Two series of cellulose-based antiscalants with different chain architectures, i.e., linear carboxymethyl cellulose (CMC) and branch-shaped carboxymethyl cellulose-graft-poly(acrylic acid) (CMC-g-PAA), were synthesized. The carboxyl groups were distributed on CMC backbone but mainly on the grafted chains of CMC-g-PAA. The addition of CMC and CMC-g-PAA can both increase the surface energy of CaCO3 scale and decrease its crystal nucleation rate, thereby inhibiting CaCO3 scale formation. The structural effects of these cellulose-based antiscalants, especially the chain architectures, on the scale inhibition were investigated in detail. High degree of carboxymethyl substitution caused better inhibition effect of linear CMC. However, CMC-g-PAA with an appropriate content of carboxyl groups but high average number of PAA grafted chains can achieve high inhibition performance.

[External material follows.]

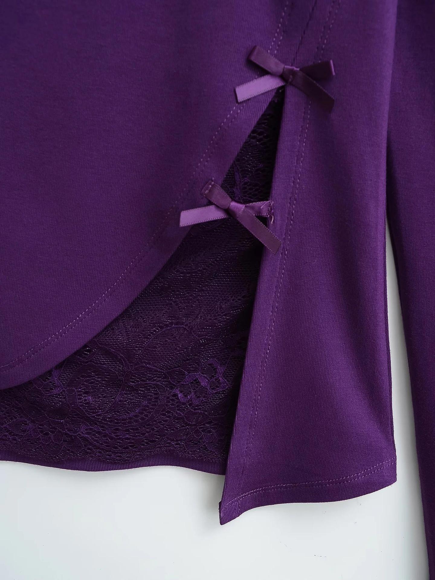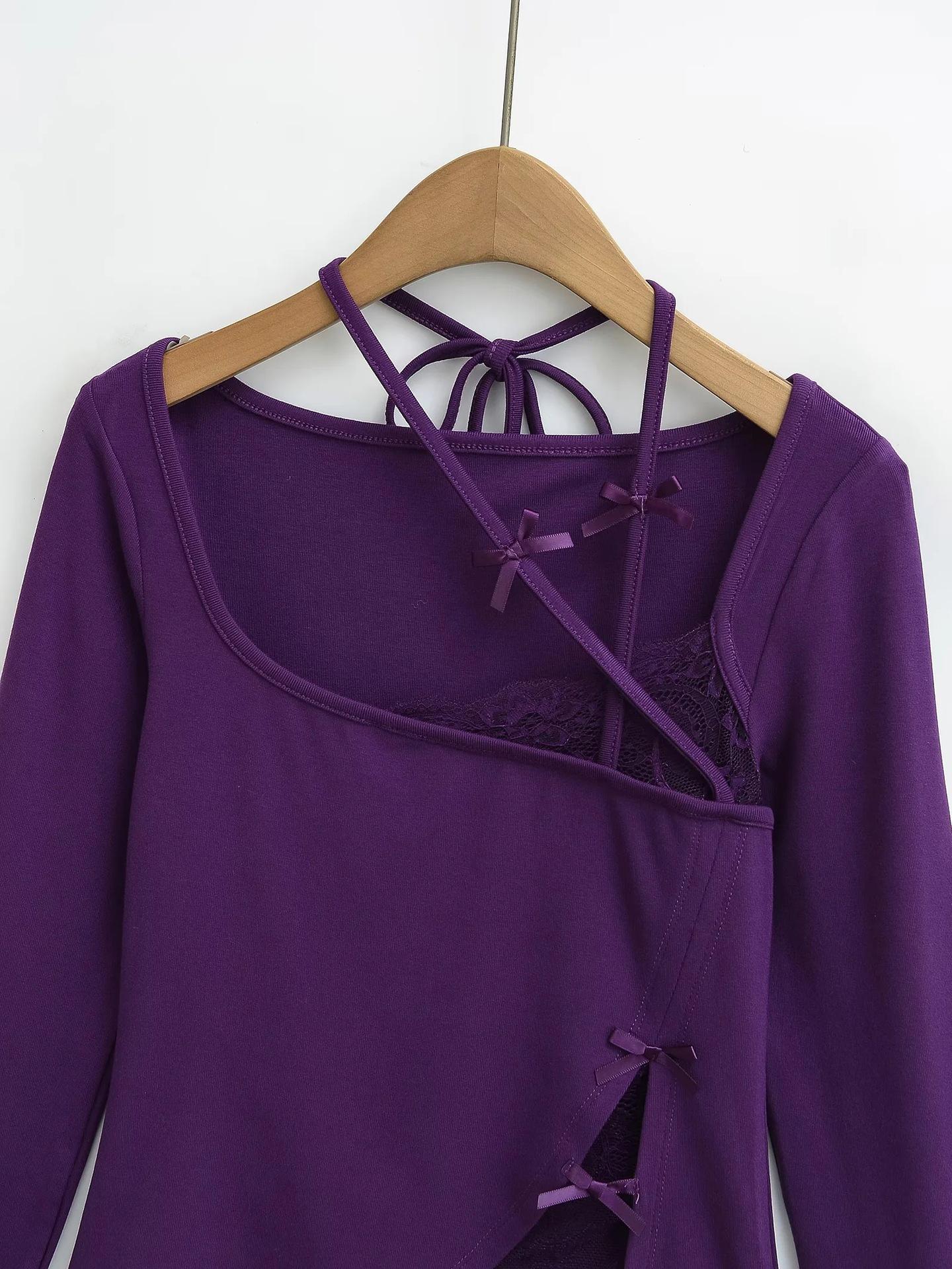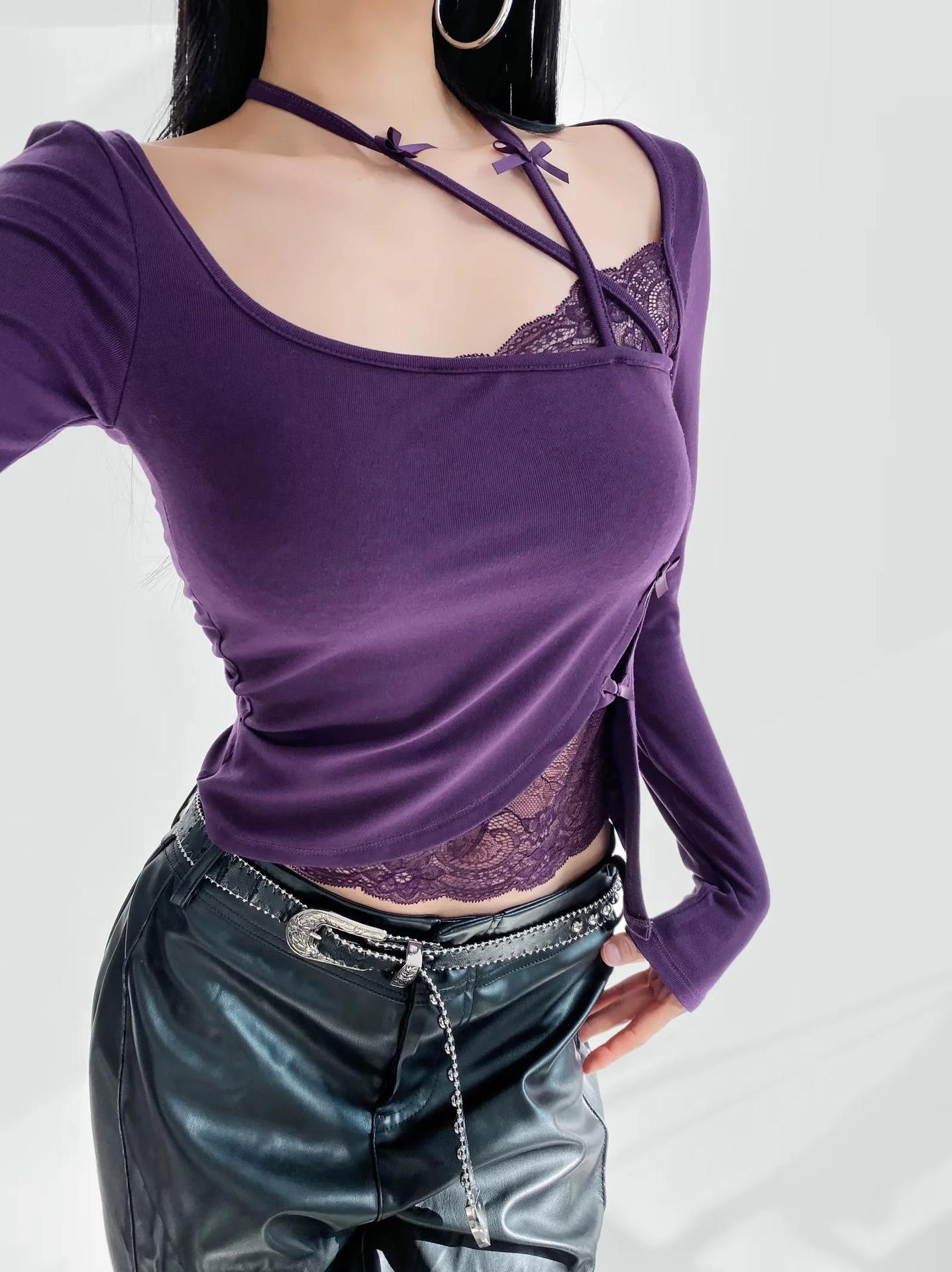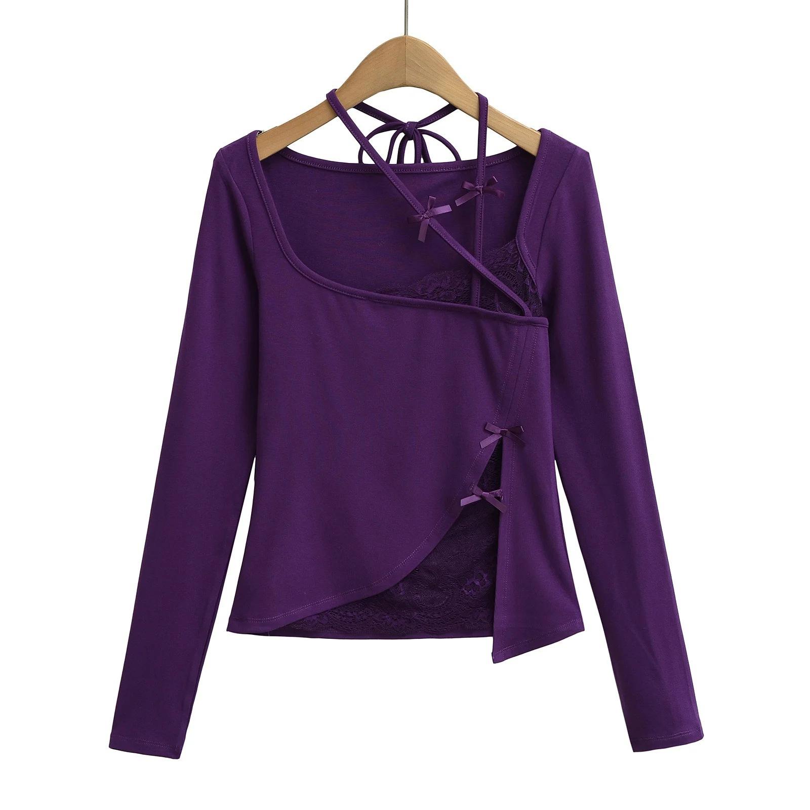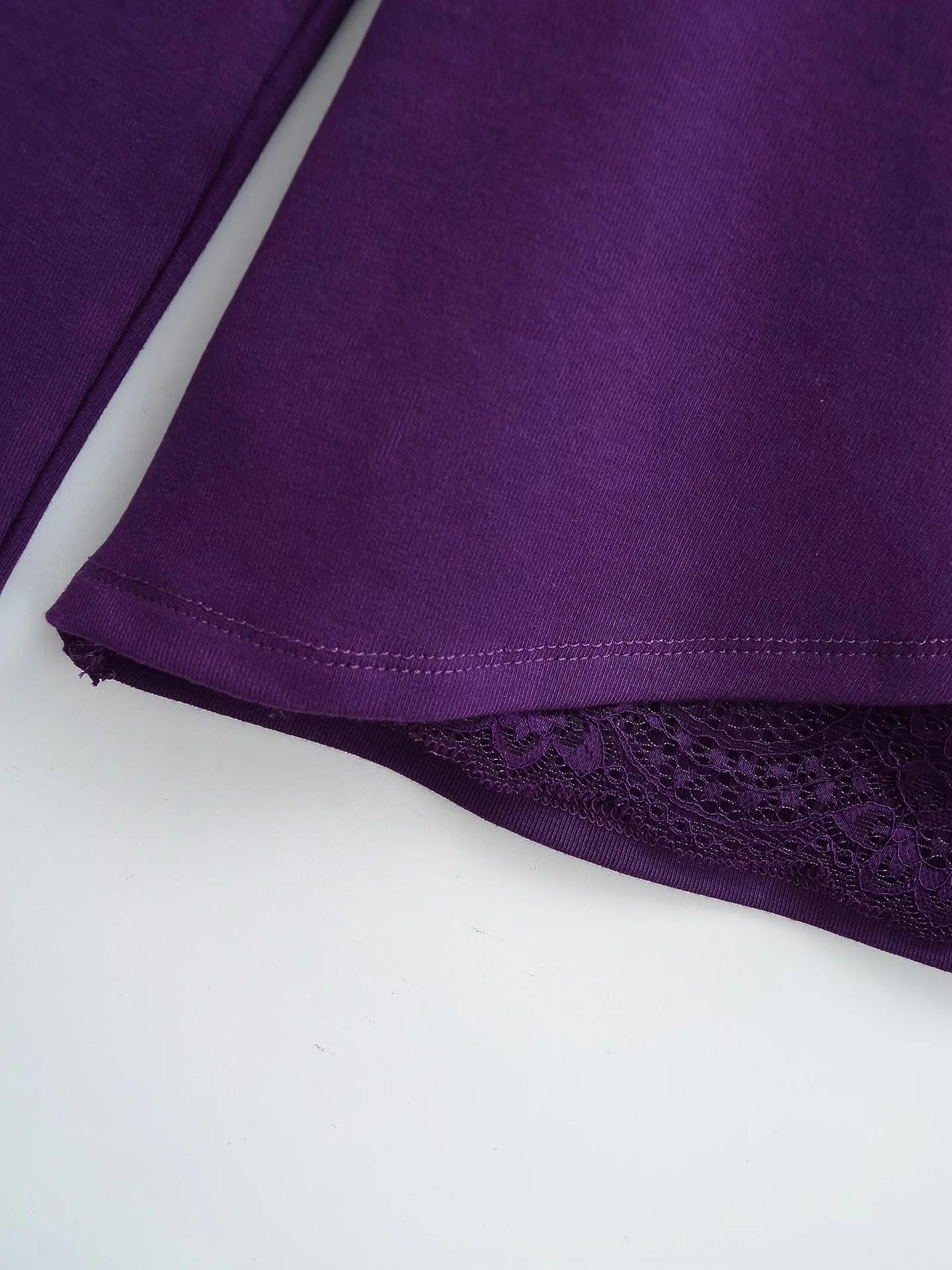 Camiseta morada de manga larga, ajustada y sexy con cuello colgante para mujer, de encaje de primavera, con cintura entallada y base interior.

Besides, with similar contents of carboxyl groups, CMC-g-PAA showed much better inhibition performance than CMC due to the distinct multi-dimensional spatial structure of graft copolymer in solution, causing the enhanced chelation and dispersion effects. Characterization of CaCO3 crystal by scanning electron microscopy and X-ray diffraction confirmed that crystal distortion effect obviously existed in CMC but quite minor in CMC-g-PAA. The differences between the scale-inhibition performance of CMC and CMC-g-PAA should be attributed to the different scale-inhibition mechanisms originated in their distinct chain architectures.

Highlights

  • Two series of cellulose-based antiscalants with different chain architectures, i.e., linear carboxymethyl cellulose (CMC) and branch-shaped carboxymethyl cellulose-graft-poly(acrylic acid) (CMC-g-PAA), were synthesized

  • Two series of cellulose-based antiscalants with different chain architectures, CMC and CMC-g-PAA, were synthesized by etherification and graft polymerization, ­respectively[24,27,43], which are described in detail in Supplementary Information S1

  • CMC is a linear polymer with carboxyl groups on the b­ ackbone[43], but CMC-g-PAA is a graft copolymer and the carboxyl groups contained is mainly distributed on the branched ­chains[27]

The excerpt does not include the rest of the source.